YOUR GOAL: Reproduce the records below in full and word for word, excluding pictures.

#####

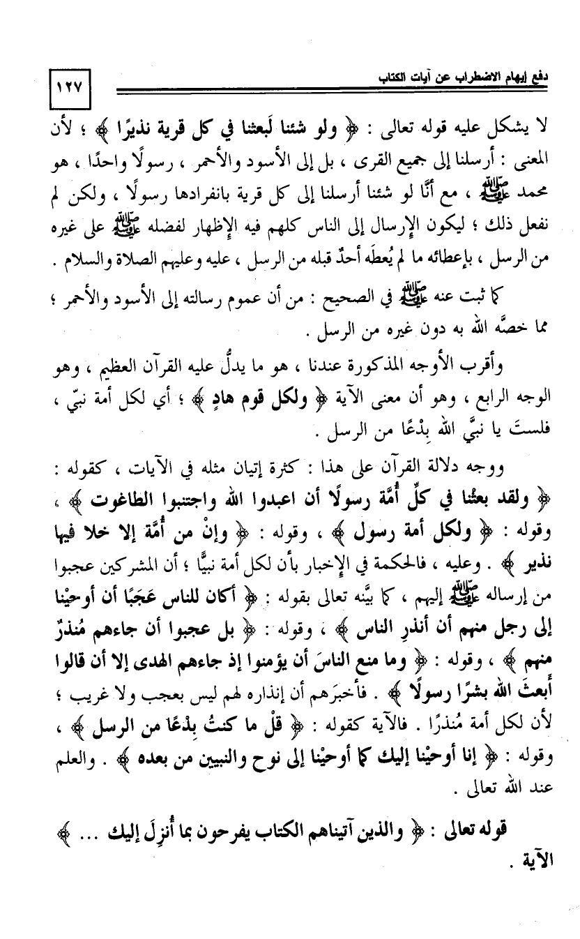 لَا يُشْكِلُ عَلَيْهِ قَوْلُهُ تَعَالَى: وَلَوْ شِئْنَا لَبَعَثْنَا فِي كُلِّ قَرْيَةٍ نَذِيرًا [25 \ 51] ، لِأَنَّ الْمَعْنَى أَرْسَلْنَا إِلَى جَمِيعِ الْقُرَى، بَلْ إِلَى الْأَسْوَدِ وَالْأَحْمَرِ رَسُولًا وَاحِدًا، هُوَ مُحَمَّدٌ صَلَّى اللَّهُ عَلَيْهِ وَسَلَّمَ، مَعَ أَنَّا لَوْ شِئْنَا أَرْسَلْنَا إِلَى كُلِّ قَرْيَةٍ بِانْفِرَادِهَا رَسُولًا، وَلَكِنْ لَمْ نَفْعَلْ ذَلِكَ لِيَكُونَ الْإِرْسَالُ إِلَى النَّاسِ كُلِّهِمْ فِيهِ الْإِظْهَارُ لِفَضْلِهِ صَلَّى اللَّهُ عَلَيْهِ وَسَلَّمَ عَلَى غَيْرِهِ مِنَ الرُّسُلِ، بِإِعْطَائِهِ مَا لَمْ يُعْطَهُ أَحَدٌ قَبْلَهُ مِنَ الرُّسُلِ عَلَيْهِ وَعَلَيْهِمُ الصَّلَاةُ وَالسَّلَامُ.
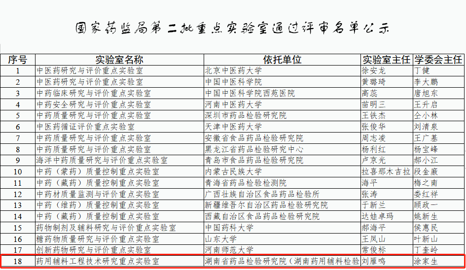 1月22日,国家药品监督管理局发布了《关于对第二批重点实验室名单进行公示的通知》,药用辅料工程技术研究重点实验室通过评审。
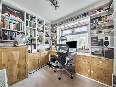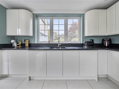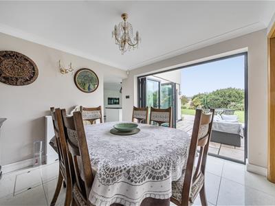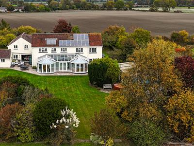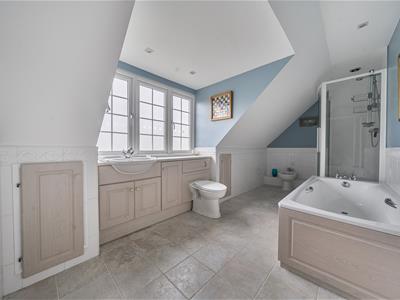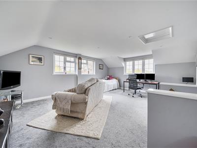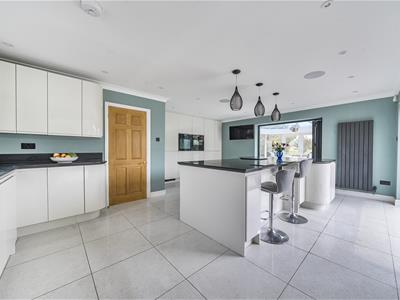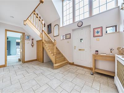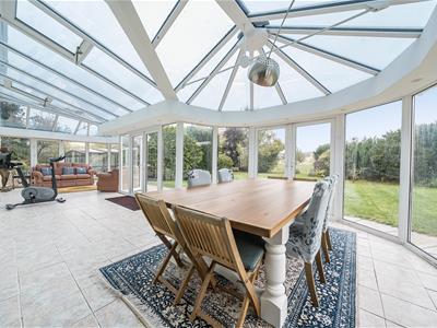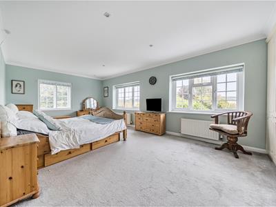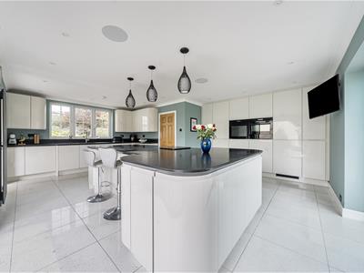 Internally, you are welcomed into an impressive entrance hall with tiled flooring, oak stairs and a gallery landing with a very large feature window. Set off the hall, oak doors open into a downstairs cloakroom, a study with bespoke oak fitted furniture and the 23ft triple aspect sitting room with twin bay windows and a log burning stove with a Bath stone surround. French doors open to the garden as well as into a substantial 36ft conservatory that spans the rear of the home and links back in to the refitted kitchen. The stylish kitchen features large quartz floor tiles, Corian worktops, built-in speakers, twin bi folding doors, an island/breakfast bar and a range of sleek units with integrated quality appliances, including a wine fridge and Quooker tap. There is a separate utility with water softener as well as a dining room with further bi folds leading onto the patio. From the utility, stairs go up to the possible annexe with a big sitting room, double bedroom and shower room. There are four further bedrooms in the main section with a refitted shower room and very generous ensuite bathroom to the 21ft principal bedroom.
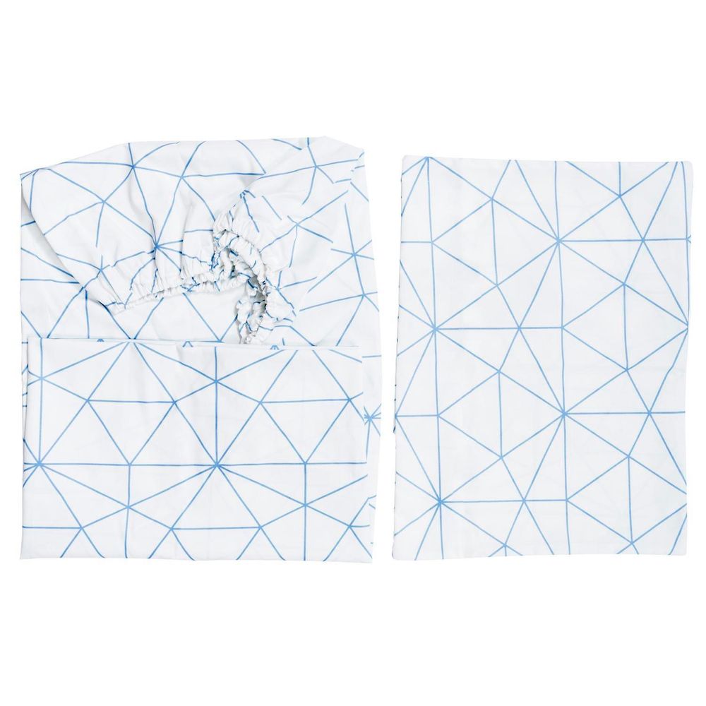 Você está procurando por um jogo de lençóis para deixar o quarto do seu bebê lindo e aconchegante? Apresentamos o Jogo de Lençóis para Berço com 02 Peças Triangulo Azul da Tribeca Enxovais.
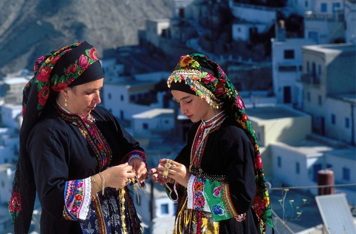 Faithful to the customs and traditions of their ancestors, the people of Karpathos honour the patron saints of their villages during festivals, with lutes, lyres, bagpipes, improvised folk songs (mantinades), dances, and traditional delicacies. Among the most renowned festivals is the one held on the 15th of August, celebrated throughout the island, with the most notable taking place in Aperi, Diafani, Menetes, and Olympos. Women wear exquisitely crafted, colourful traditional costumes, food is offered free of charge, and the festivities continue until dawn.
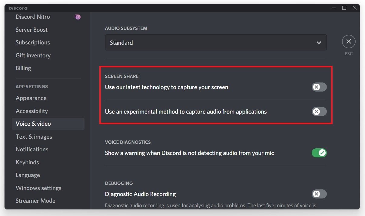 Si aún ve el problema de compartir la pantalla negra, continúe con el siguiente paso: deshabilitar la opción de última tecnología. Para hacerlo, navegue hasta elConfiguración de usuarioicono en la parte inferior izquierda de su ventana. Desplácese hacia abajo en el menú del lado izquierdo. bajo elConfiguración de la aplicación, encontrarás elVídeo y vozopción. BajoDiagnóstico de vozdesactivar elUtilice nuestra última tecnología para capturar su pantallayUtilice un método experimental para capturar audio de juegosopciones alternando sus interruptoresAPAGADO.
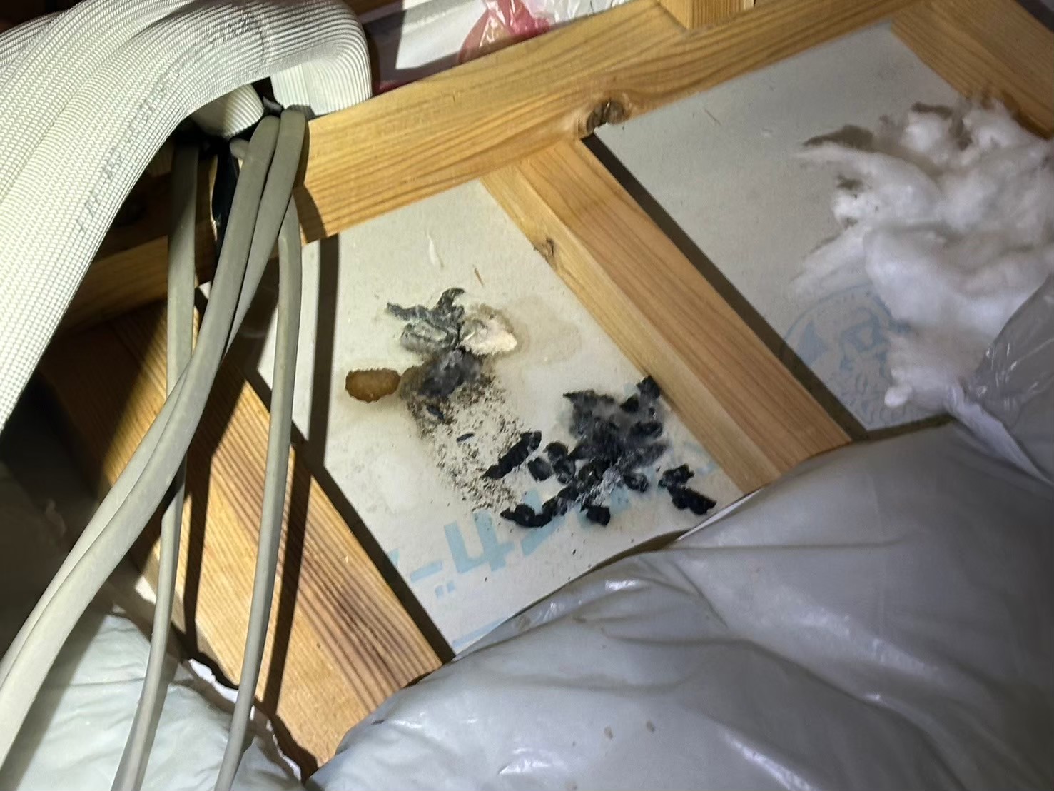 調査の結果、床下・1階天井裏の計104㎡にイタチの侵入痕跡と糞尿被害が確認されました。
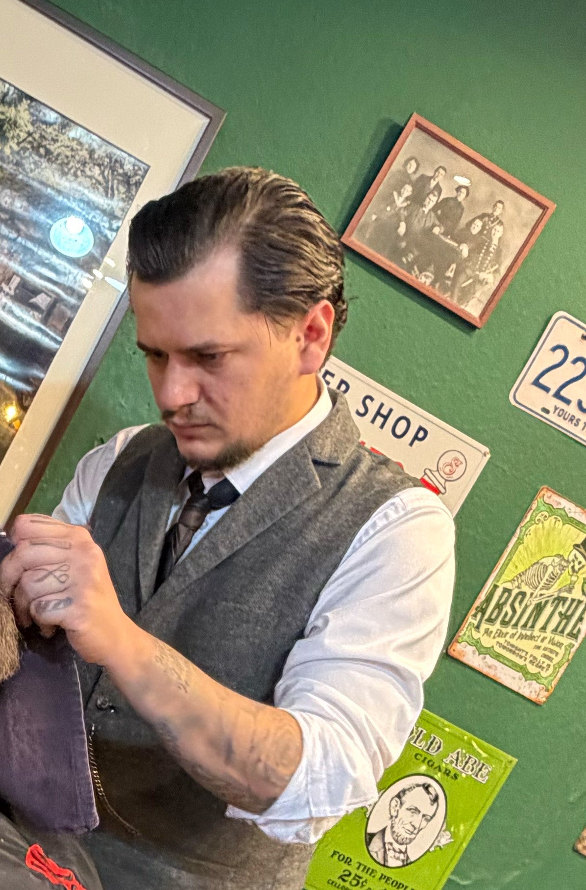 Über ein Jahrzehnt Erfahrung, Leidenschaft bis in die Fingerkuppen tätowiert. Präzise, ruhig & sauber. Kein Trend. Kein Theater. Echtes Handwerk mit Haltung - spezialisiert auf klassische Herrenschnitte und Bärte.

#####

SOLUTION FOR THIS TASK:
 لَا يُشْكِلُ عَلَيْهِ قَوْلُهُ تَعَالَى: وَلَوْ شِئْنَا لَبَعَثْنَا فِي كُلِّ قَرْيَةٍ نَذِيرًا [25 \ 51] ، لِأَنَّ الْمَعْنَى أَرْسَلْنَا إِلَى جَمِيعِ الْقُرَى، بَلْ إِلَى الْأَسْوَدِ وَالْأَحْمَرِ رَسُولًا وَاحِدًا، هُوَ مُحَمَّدٌ صَلَّى اللَّهُ عَلَيْهِ وَسَلَّمَ، مَعَ أَنَّا لَوْ شِئْنَا أَرْسَلْنَا إِلَى كُلِّ قَرْيَةٍ بِانْفِرَادِهَا رَسُولًا، وَلَكِنْ لَمْ نَفْعَلْ ذَلِكَ لِيَكُونَ الْإِرْسَالُ إِلَى النَّاسِ كُلِّهِمْ فِيهِ الْإِظْهَارُ لِفَضْلِهِ صَلَّى اللَّهُ عَلَيْهِ وَسَلَّمَ عَلَى غَيْرِهِ مِنَ الرُّسُلِ، بِإِعْطَائِهِ مَا لَمْ يُعْطَهُ أَحَدٌ قَبْلَهُ مِنَ الرُّسُلِ عَلَيْهِ وَعَلَيْهِمُ الصَّلَاةُ وَالسَّلَامُ.
 1月22日,国家药品监督管理局发布了《关于对第二批重点实验室名单进行公示的通知》,药用辅料工程技术研究重点实验室通过评审。
 Internally, you are welcomed into an impressive entrance hall with tiled flooring, oak stairs and a gallery landing with a very large feature window. Set off the hall, oak doors open into a downstairs cloakroom, a study with bespoke oak fitted furniture and the 23ft triple aspect sitting room with twin bay windows and a log burning stove with a Bath stone surround. French doors open to the garden as well as into a substantial 36ft conservatory that spans the rear of the home and links back in to the refitted kitchen. The stylish kitchen features large quartz floor tiles, Corian worktops, built-in speakers, twin bi folding doors, an island/breakfast bar and a range of sleek units with integrated quality appliances, including a wine fridge and Quooker tap. There is a separate utility with water softener as well as a dining room with further bi folds leading onto the patio. From the utility, stairs go up to the possible annexe with a big sitting room, double bedroom and shower room. There are four further bedrooms in the main section with a refitted shower room and very generous ensuite bathroom to the 21ft principal bedroom.
 Você está procurando por um jogo de lençóis para deixar o quarto do seu bebê lindo e aconchegante? Apresentamos o Jogo de Lençóis para Berço com 02 Peças Triangulo Azul da Tribeca Enxovais.
 Faithful to the customs and traditions of their ancestors, the people of Karpathos honour the patron saints of their villages during festivals, with lutes, lyres, bagpipes, improvised folk songs (mantinades), dances, and traditional delicacies. Among the most renowned festivals is the one held on the 15th of August, celebrated throughout the island, with the most notable taking place in Aperi, Diafani, Menetes, and Olympos. Women wear exquisitely crafted, colourful traditional costumes, food is offered free of charge, and the festivities continue until dawn.
 Si aún ve el problema de compartir la pantalla negra, continúe con el siguiente paso: deshabilitar la opción de última tecnología. Para hacerlo, navegue hasta elConfiguración de usuarioicono en la parte inferior izquierda de su ventana. Desplácese hacia abajo en el menú del lado izquierdo. bajo elConfiguración de la aplicación, encontrarás elVídeo y vozopción. BajoDiagnóstico de vozdesactivar elUtilice nuestra última tecnología para capturar su pantallayUtilice un método experimental para capturar audio de juegosopciones alternando sus interruptoresAPAGADO.
 調査の結果、床下・1階天井裏の計104㎡にイタチの侵入痕跡と糞尿被害が確認されました。
 Über ein Jahrzehnt Erfahrung, Leidenschaft bis in die Fingerkuppen tätowiert. Präzise, ruhig & sauber. Kein Trend. Kein Theater. Echtes Handwerk mit Haltung - spezialisiert auf klassische Herrenschnitte und Bärte.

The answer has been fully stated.